Мне не следовало туда смотреть.
Библиотекарь на месте. Но мне не следовало смотреть на того, кто его гладит. Зрительный контакт, кажется, только придает твари смелости. О, теперь она обнюхивает мое ухо. Мороз по коже.
Я попытаюсь записать по памяти имена моих последних учеников. Хью Брайс, Нара Доути, Пенелопа Доути, Стюарт Гринвуд, Джеральд Кауфман, который когда-то отличился: так крепко заснул в школьной уборной, что мистер Брайс, обнаружив своего друга, объявил классу, что бедный Джерри мертв.
Нет, такого рода бессвязные сведения не годятся. В конце концов я прочитаю это и обнаружу признаки бодрости или уныния, здравомыслия или его противоположности.
Вопрос вот в чем: что мне хочется сказать самому себе?

 

На заметку. Это не просто библиотека.
Библиотекам свойственно похваляться количеством томов в коллекции, но, несомненно, суть любой из них состоит не в скоплении книг, а в распространении. Возможно, стоило бы понастойчивей рассказывать о том, сколько книг сейчас на руках, теснятся на прикроватных тумбочках, перебираются из одной стопки на каминной полке в другую и отягощают сумки. Да, иной раз досадно прочесать всю библиотеку и убедиться лишь в отсутствии нужного томика – и все же, когда гнев стихает, разве не возникает у незадачливого искателя некое ощущение причастности? Пустоты на библиотечных полках подобны следам на песке; они показывают нам, где уже прошел кто-то другой; они уверяют нас, что мы не одиноки.
Но здесь, в Бездонной библиотеке, я не увидел ни единого перерыва в череде корешков. Книг так много, что они лежат и на полу. Тома теснятся на скамейках и грозят обрушить пюпитры. У стен высятся стопки толстых справочников, прилегая друг к другу крепко, как моляры. Книги занимают винтовые лестницы между этажами; книги лежат подле журчащих фонтанчиков в виде горгулий, которыми помечены уборные, где тоже полным-полно книг.
Книгохранилище Сфинкса отличается от нормальной библиотеки еще одним существенным образом. Ни одна здешняя книга не пронумерована. Нет ни табличек с кодами, ни, насколько я могу судить, порядка на полках, алфавитного или какого-нибудь еще. Здешний каталог – перетасованная колода.
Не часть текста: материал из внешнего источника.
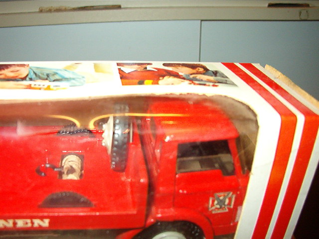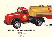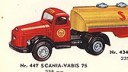 Om tanken er rigtig er noget helt andet. Og måske har man genbrugt billeder i katalogerne ?. Jeg havde en orange Scania lastbil men jeg husker ikke, og kan ikke se på foto, hvilke hjul den havde. Jeg fik en BP tankvogn i julegave af min mormor og morfar. Mener ikke den havde det røde air mærke på. Trækkeren har jeg stadig og den er med 6 møtrik hjul. Det er “sku” længe siden-Jeg har været 5 og dermed er det sikkert omkr. 1965. Min søster kom med storken i 1966 hvilket udløste en stor flot rød scania, med anhænger til drengen — WIIIIHIUUUU… Den gang ville jeg da gerne have haft to søstre —- Meeeeen det ændrede sig 😉
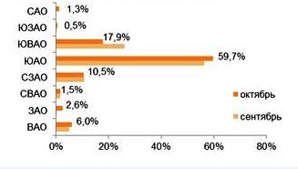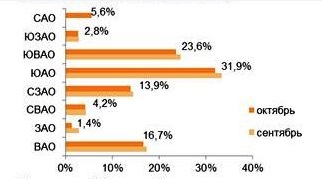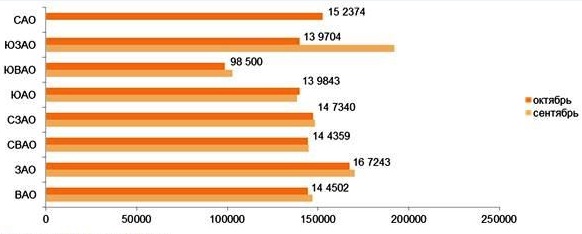 В октябре можно было наблюдать незначительное снижение цен практически по всем округам: ВАО (-2%), ЗАО (-2%), ЮВАО (-4%), ЮЗАО (-27%). Рост цен отмечен только в ЮАО (на 2%).
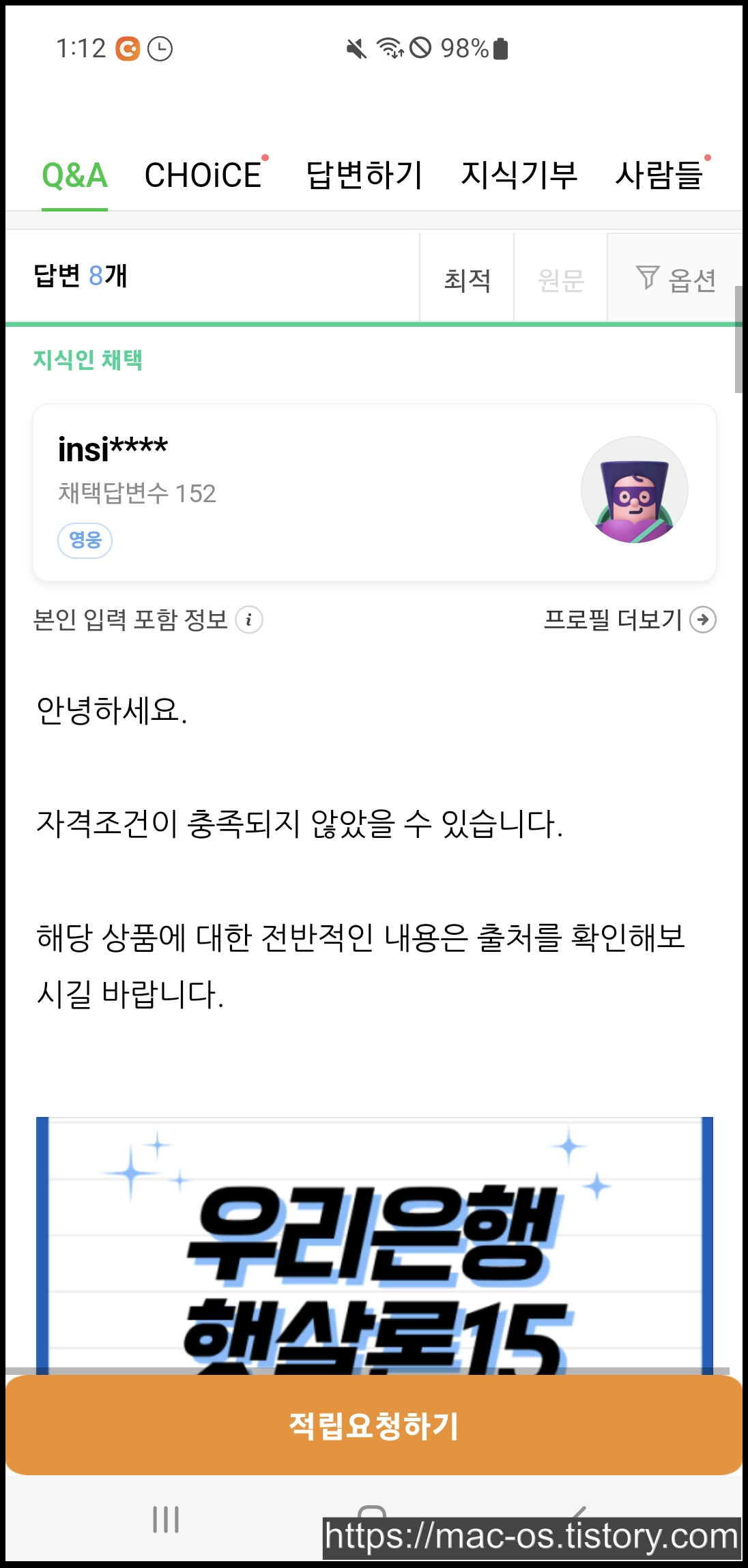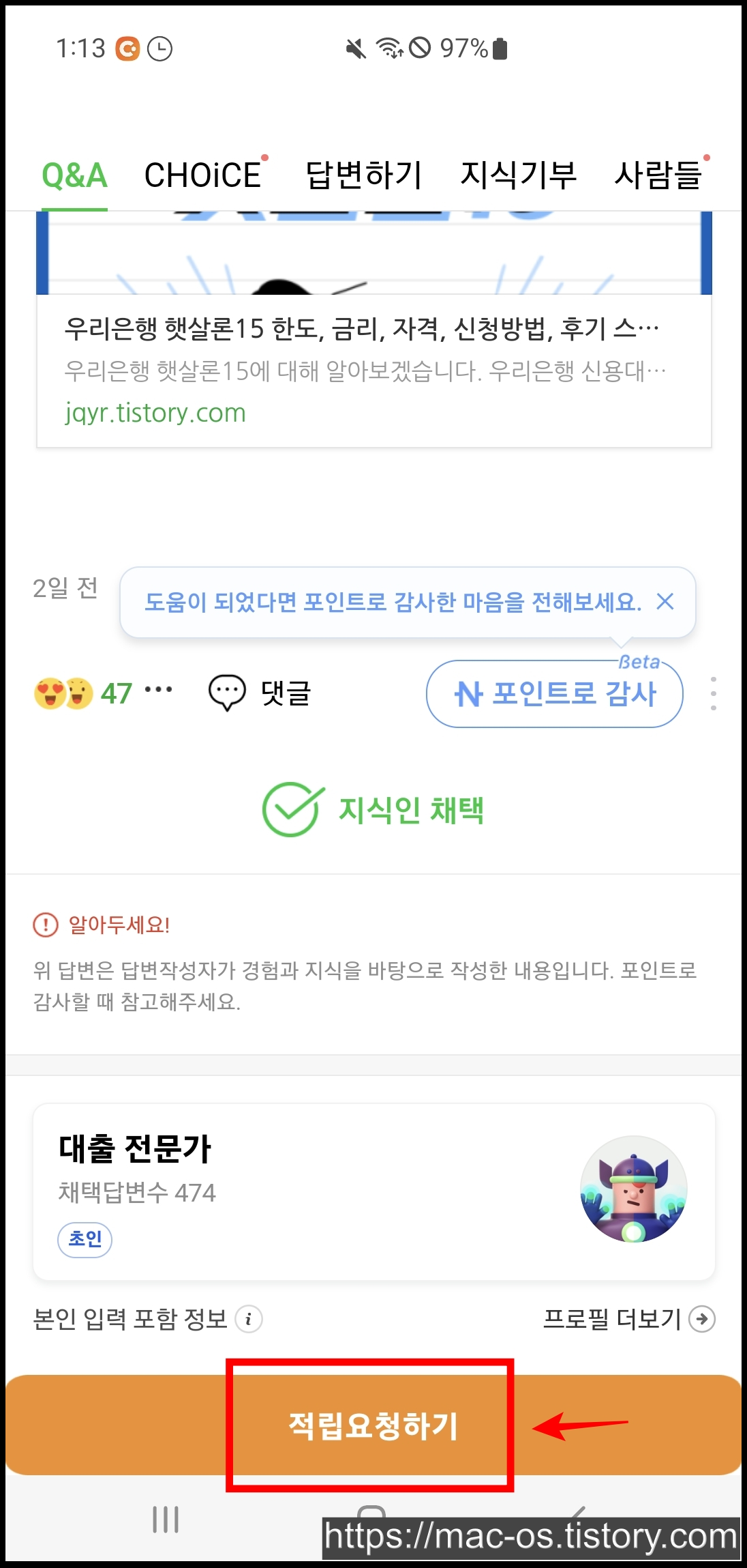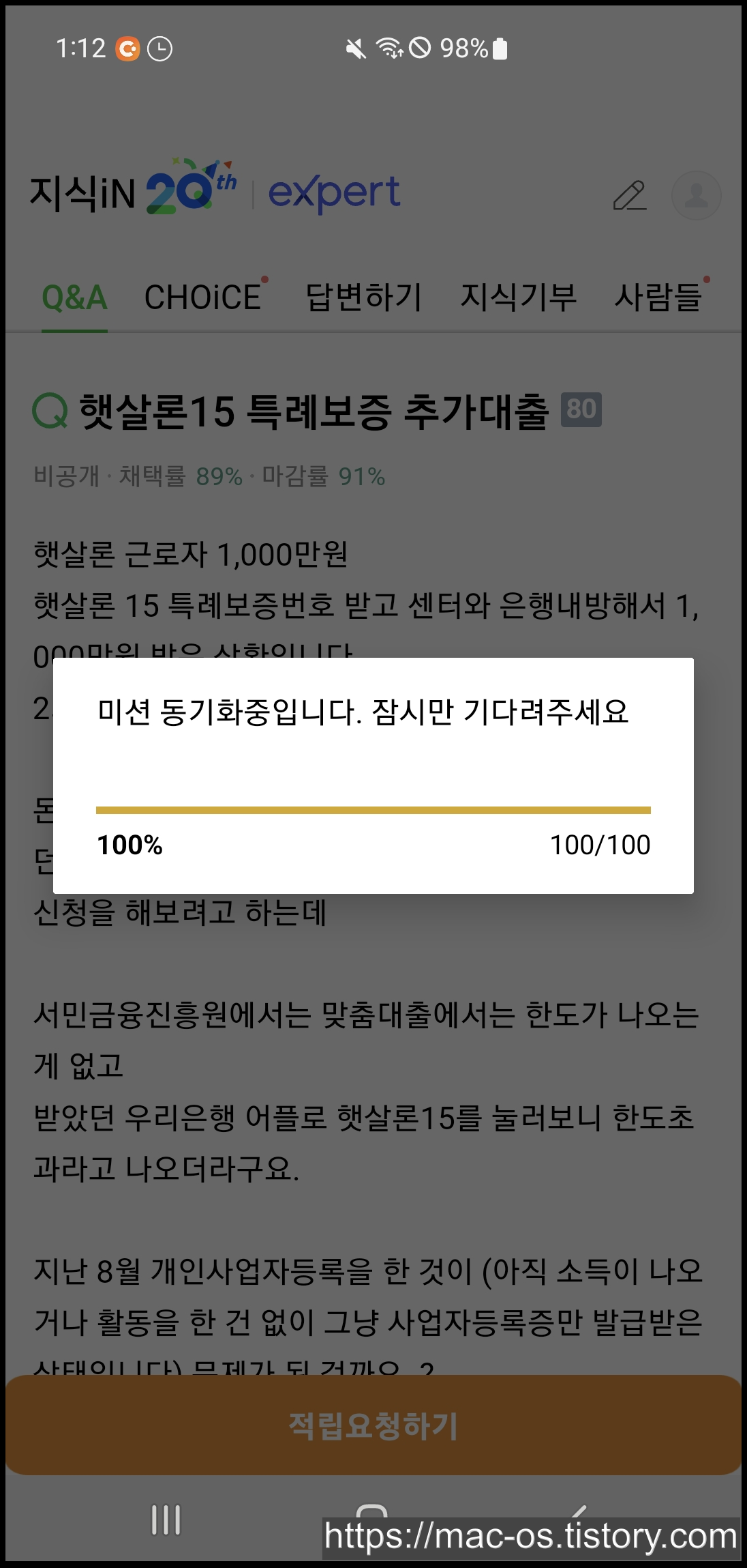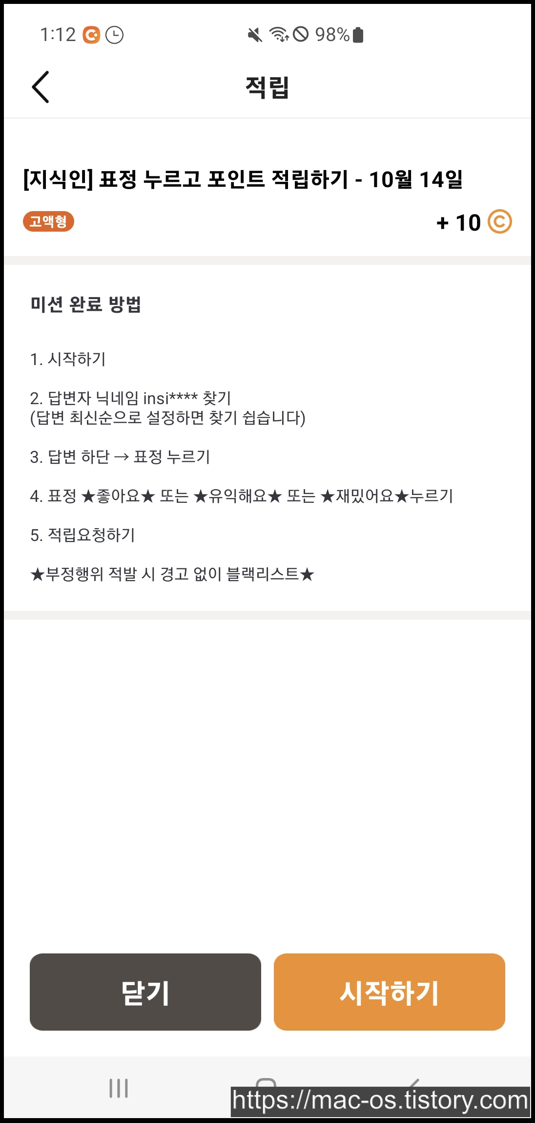 고액미션에서 [시작하기]를 누르면 네이버 지식인 페이지로 이동하게 돼요.

И это значит, что, если библиотекарь окажется всего лишь домашним котом, который пустился в бесцельную прогулку, я ни за что на свете не разыщу нужную книгу.
И если мы продолжим так вилять, дороги назад я тоже не найду.
Воздух сильно пахнет пергаментом, клеем, кожей и затхлостью. Утешительный аромат. Интересно почему? В чем притягательность этой технологии, использующей целлюлозу и дощечки? Книги редко представляют собой нечто большее, нежели рассуждения автора о том, что его гложет, подчиненные грамматике сомнений. Насколько книги в этом смысле превосходят писателей! Никто не верит в себя больше, чем книга; никого история или правила приличия не заботят меньше. «Начинай с середины, – заявляет книга. – И листай меня до конца». Какая разница? Книга начинается с чистого листа и заканчивается такой же пустотой. И книге неведом страх.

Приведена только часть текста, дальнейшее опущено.